K2 Power | Focal America

thats it for now, cheers,

Bing


----------



## BlkRamRt (Nov 27, 2013)

This is an awesome install!!!


----------



## Onyx1136 (Mar 15, 2009)

Does it ever get confusing using black power wire for Power and Ground connections?


----------



## Coppertone (Oct 4, 2011)

I am speechless, and I would have loved to hear a video demo of this.


----------



## LaserSVT (Feb 1, 2009)

Beautiful as always.


----------



## [email protected] (Nov 7, 2010)

No one is going to ask about the sub enclosure inversion?


----------



## eddieg (Dec 20, 2009)

What about the sub enclosure inversion? 

Joey, Bing 

Honestly, speachless! 

An old local joke - How do you fit in an elephant in to a VW bug? 

CAREFULLY!!! 

This was the first thing came to mind when I've read Audi S5 + bigish bass. 

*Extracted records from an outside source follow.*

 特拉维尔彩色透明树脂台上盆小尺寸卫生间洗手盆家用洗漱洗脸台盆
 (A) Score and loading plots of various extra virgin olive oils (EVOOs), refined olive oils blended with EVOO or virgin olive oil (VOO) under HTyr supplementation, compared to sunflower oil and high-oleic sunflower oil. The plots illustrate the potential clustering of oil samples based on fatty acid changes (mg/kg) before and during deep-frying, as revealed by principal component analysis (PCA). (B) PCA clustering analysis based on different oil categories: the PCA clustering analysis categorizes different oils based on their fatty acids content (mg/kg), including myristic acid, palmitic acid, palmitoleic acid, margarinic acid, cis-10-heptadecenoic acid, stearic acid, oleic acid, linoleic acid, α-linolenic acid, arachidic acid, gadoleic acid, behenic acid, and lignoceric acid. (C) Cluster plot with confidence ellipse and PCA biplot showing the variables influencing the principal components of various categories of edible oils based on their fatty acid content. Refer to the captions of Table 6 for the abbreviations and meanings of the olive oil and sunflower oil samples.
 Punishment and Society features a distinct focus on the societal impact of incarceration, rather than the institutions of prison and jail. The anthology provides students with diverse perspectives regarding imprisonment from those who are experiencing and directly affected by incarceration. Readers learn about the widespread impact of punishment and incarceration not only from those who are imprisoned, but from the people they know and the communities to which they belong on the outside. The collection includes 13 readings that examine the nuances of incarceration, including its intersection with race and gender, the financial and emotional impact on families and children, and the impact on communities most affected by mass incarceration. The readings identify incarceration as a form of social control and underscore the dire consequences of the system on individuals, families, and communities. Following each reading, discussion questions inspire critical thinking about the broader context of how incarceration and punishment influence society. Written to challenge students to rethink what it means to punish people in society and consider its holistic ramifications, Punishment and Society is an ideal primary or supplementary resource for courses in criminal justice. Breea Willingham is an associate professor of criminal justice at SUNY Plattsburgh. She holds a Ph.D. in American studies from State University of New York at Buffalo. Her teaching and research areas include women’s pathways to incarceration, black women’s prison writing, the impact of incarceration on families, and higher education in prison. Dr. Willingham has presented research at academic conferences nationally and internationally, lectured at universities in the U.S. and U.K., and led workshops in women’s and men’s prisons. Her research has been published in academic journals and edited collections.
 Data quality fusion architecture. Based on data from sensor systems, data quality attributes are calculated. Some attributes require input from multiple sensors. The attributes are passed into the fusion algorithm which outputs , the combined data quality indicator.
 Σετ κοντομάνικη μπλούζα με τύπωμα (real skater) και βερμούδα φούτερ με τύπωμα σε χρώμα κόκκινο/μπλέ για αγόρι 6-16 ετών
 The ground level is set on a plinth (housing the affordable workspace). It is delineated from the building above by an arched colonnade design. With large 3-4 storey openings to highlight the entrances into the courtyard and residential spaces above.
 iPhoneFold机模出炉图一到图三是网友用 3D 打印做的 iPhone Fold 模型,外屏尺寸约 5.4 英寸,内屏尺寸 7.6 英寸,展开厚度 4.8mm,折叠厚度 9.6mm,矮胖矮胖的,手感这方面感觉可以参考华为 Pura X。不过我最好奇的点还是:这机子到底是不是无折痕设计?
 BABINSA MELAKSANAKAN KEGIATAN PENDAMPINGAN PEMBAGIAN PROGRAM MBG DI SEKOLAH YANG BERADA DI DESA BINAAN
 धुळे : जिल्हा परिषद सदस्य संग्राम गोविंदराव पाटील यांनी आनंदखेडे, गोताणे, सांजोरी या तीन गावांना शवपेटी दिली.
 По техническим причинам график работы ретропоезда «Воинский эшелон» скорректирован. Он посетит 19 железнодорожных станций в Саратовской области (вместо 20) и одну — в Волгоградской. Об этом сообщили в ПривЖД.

Unique setup of amps and speakers.

Just out of curiosity (hope I'm spelling words correctly - I don't bother to correct my self without a spell checker) 

Bing, 

What was indeed the strongest 6.5 midbass you've ever encountered? 

Thanks, 

Eddie


----------



## Coppertone (Oct 4, 2011)

^^^^. Oh wow it seems that you, me and Bing are running Subaru Legacy.


----------



## eddieg (Dec 20, 2009)

Yeah just that were I am the common engine volume is 2.0 atmospheric while bing is running a 2.5GT customized and that is a "tiny" difference between one legacy which is a very lazy ninja to another which is a total killer.


----------



## Coppertone (Oct 4, 2011)

Lol I also own a 2.5GT but a Legacy is a Legacy.


----------



## eddieg (Dec 20, 2009)

"it takes a ninja to kill a ninja" (youtube - ask a ninja) 

It is a special brand - I guess you have to own one to understand what it is. 

Anyways - waiting for Joey's and Bing's replies - wonderful install! wonderful!


----------



## fcarpio (Apr 29, 2008)

Beautiful work and beautiful car. A bit of amplification overkill but why not?


----------



## strong*I*bumpin (Oct 3, 2005)

The amp rack & wiring alone is work of art not to mention the sub enclosure ,nicely executed gents.


----------



## emu1342 (Jun 3, 2016)

Very nicely done! Was there an alt/battery upgrade to along with this?


----------



## simplicityinsound (Feb 2, 2007)

Onyx1136 said:


> Does it ever get confusing using black power wire for Power and Ground connections?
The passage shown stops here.